KFold(n_splits=4, random_state=None, shuffle=False)


In [23]:
type(kf)

sklearn.model_selection._split.KFold

In [24]:
kf.n_splits

4

In [25]:
kf.split(X) # generator object is iterable

<generator object _BaseKFold.split at 0x00000297B5406DE0>

In [26]:
for train_index, test_index in kf.split(X):
    print("TRAIN:", train_index, "TEST:", test_index)
    X_train, X_test = X[train_index], X[test_index]
    print()
    print(X_train)
    print(y_train,'\n')
    

TRAIN: [1 2 3] TEST: [0]

[[3 4]
 [5 6]
 [7 8]]
[17 23 37] 

TRAIN: [0 2 3] TEST: [1]

[[1 2]
 [5 6]
 [7 8]]
[17 23 37] 

TRAIN: [0 1 3] TEST: [2]

[[1 2]
 [3 4]
 [7 8]]
[17 23 37] 

TRAIN: [0 1 2] TEST: [3]

[[1 2]
 [3 4]
 [5 6]]
[17 23 37] 



## Enumerate iterable

In [9]:
list = ['x1', 'x2', 'x3', 24]

In [11]:
for x in list:
    print(x)

x1
x2
x3
24


In [12]:
for i, x in enumerate(list):
    print(i, x) # the i is the index of x in list

0 x1
1 x2
2 x3
3 24


In [18]:
from sklearn.linear_model import LinearRegression

In [27]:
y_oof_pred = np.zeros_like(y) # same shape with y

for fold_no, (index_tr, index_cv) in enumerate(kf.split(X)):
    print("\n\nFold number:" , fold_no)
    X_tr, y_tr = X[index_tr], y[index_tr]
    # do whatever training using X_tr, y_tr
    reg = LinearRegression()
    reg.fit(X_tr,y_tr)
    print("Training data {0}, labels{1}".format(X_tr, y_tr))
    
    X_cv, y_cv = X[index_cv], y[index_cv]
    print("CV data {0}, labels{1}".format(X_cv, y_cv))
    # predict y_cv_pred using X_cv by the model just trained
    # this is the OOF prediction
    y_oof_pred[index_cv] = reg.predict(X_cv)
    



Fold number: 0
Training data [[3 4]
 [5 6]
 [7 8]], labels[23 37 41]
CV data [[1 2]], labels[17]


Fold number: 1
Training data [[1 2]
 [5 6]
 [7 8]], labels[17 37 41]
CV data [[3 4]], labels[23]


Fold number: 2
Training data [[1 2]
 [3 4]
 [7 8]], labels[17 23 41]
CV data [[5 6]], labels[37]


Fold number: 3
Training data [[1 2]
 [3 4]
 [5 6]], labels[17 23 37]
CV data [[7 8]], labels[41]


In [28]:
print(y_oof_pred, y)

[15 26 32 45] [17 23 37 41]



# Optional packages to learn

## Installation

Neither of `autograd` and `pytorch` is installed in a typical Anaconda installation.

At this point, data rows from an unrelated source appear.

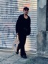 韓国スタイル 最近は韓国ブランドもチェック中。 定番かつ安定のオールブラック。 ベルトのバックルとトートバッグで明るさを。 ◆G.O.Cのスラックス 落ち感のあるワイドフレアパンツは足の動きによってシルエットが大きく変化する。 面白いので一度お試しを。
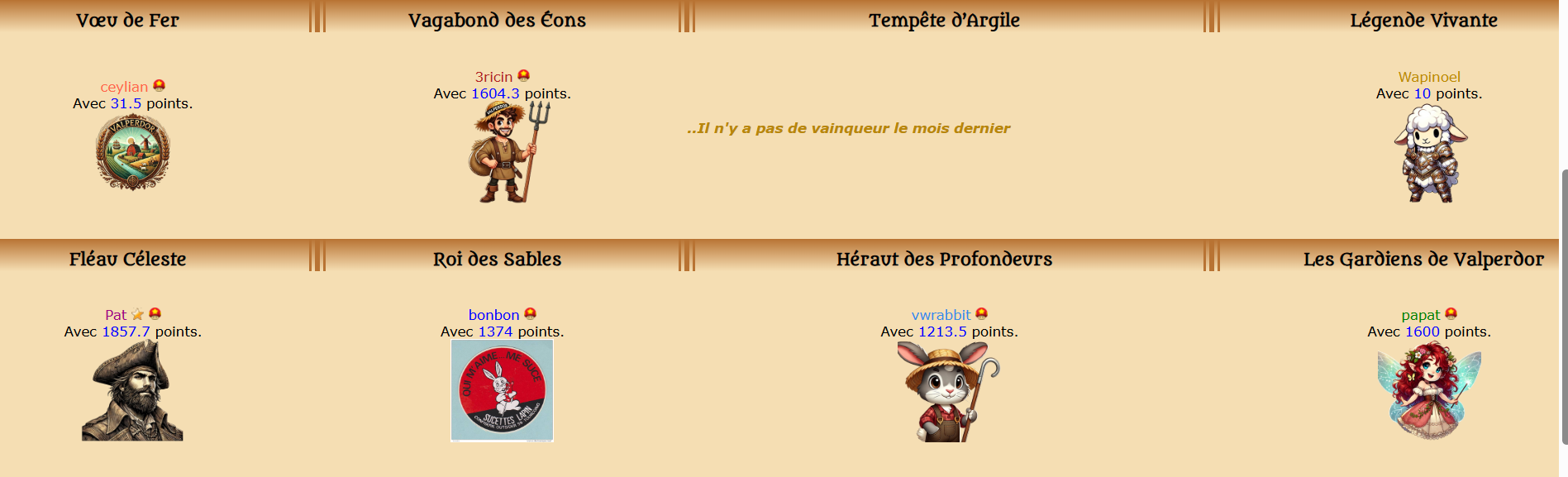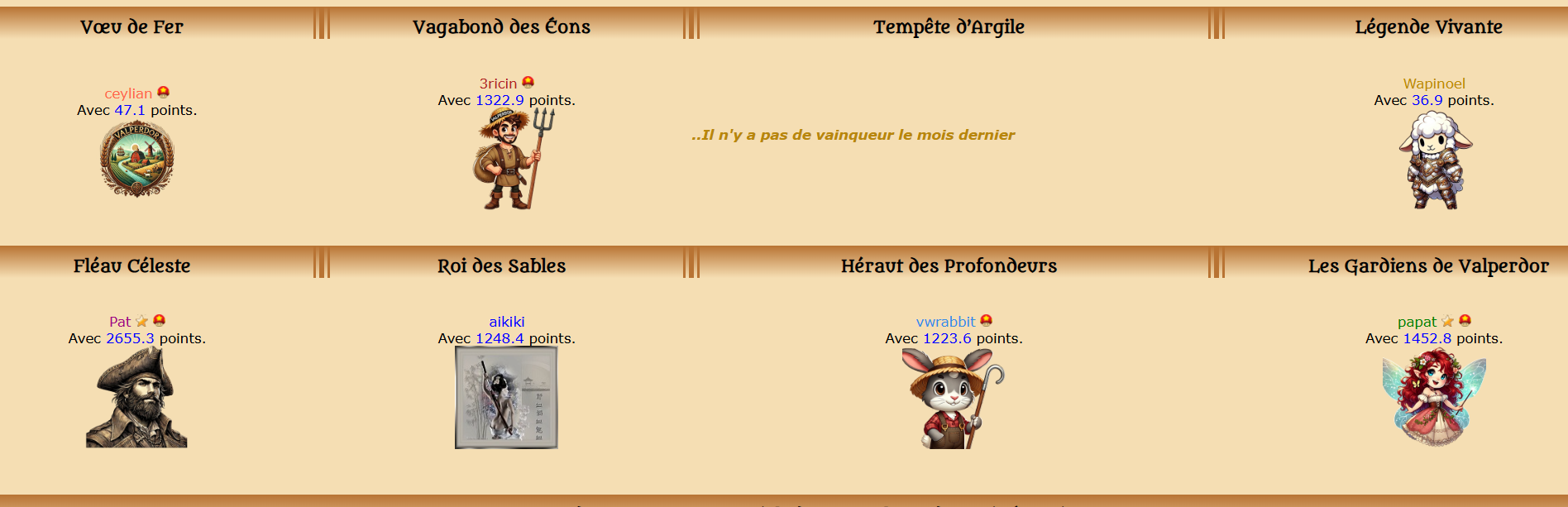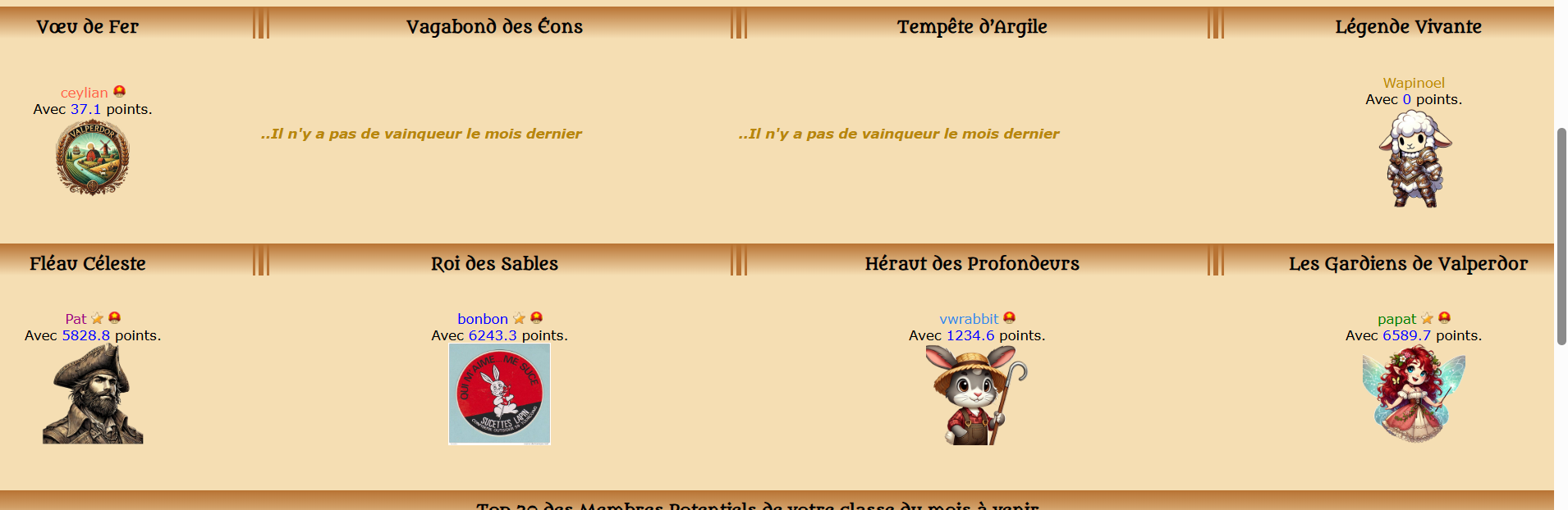 Joueur Inscrit Pays: | Ô valeureux habitants de Valperdor, Le titre de Élus de la Communauté Valperdor est attribué aux joueurs les plus actifs et les plus engagés dans différentes catégories du jeu. C'est notre manière de les remercier pour leur contribution à la communauté de Valperdor. Où peut-on gagner des points pour devenir Membre du Mois ? Les points peuvent être accumulés un peu partout sur le site. Se seront les bonnes actions dans le jeu qui compteront . Par exemple : Le nombre de fois où vous avez aidé d'autres joueurs Le nombre de dons faits dans votre confrérie Ou encore les fois où vous avez aidé à charger un bateau Bref, c'est l’esprit de solidarité et d’entraide de Valperdor qui est mis à l’honneur ! Et ça rapporte quoi ? Bonne question ! Je vous laisse découvrir la récompense qui vous attend lorsque vous serez élu Membre du Mois : un titre prestigieux dans le jeu et peut-être bien plus encore ! | |
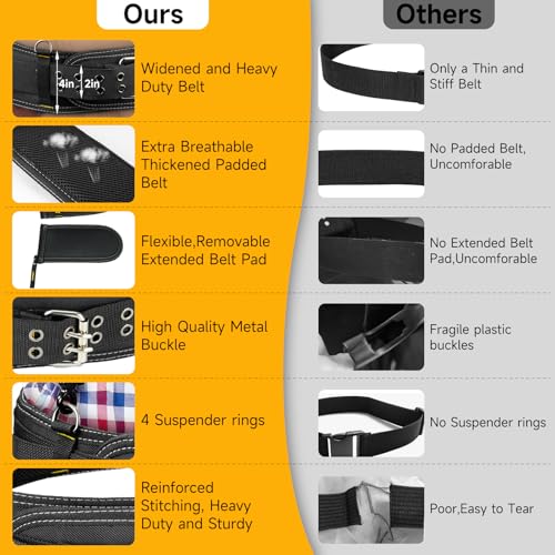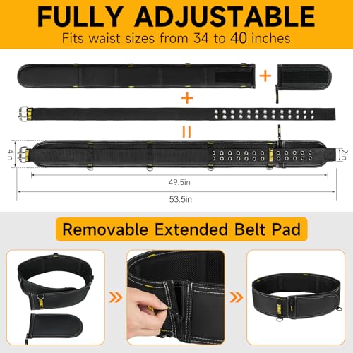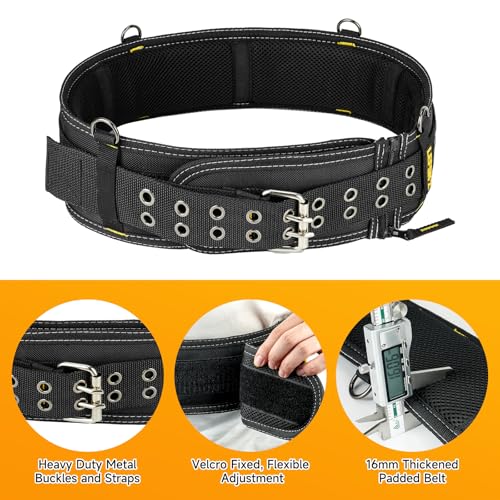 Introducing the Adjustable Tool Belt, designed for comfort and functionality. This durable belt fits waists 34” to 40” and comes with a removable padded belt pad for added comfort. The 4-inch wide padded belt is made from heavy-duty, tear-resistant nylon, reinforced for strength with dual metal roller buckles. Ideal for professionals like electricians, carpenters, and plumbers, this utility belt is compatible with various tool pouches and suspenders, making it a versatile addition to your toolkit. Whether for work or as a gift for a handyman, it’s an essential accessory for any trade.
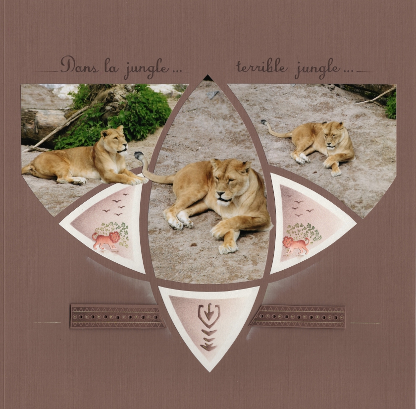 Page by Sabine Lebrun. The strips of colour are stamps strips from Ethnic Motifs stamp set – note the wonderful colouring to match the photos.
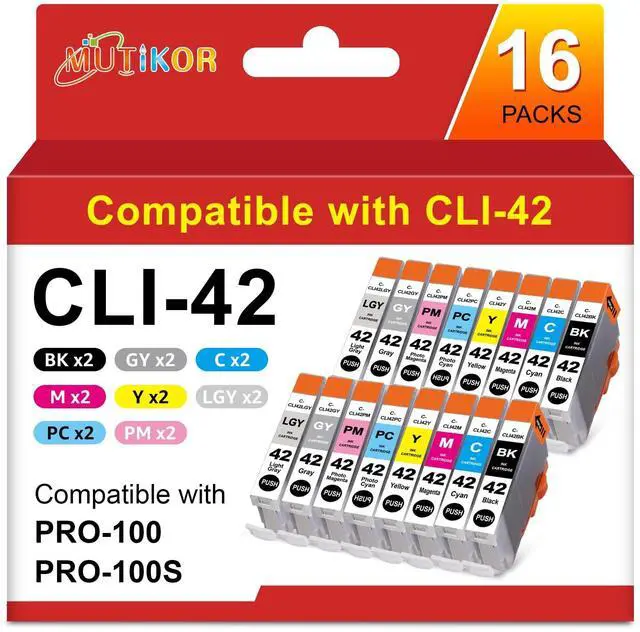 ^^ Quantity Included: 2* CLI42 BK, 2* CLI42 C, 2* CLI42 M, 2* CLI42 Y, 2* CLI42 PC, 2* CLI42 PM, 2* CLI42 GY, 2* CLI42 LGY, total 16 Pack. (two more CLI42 BK included) ^^

Here is an instruction on how to install it on MacOS and Windows (the desktop in the MSTB/ALP labs).

### Autograd
For both MacOS and Windows system, please run the following command at Anaconda prompt (Windows) or command line (Linux/BSD-based system like MacOS)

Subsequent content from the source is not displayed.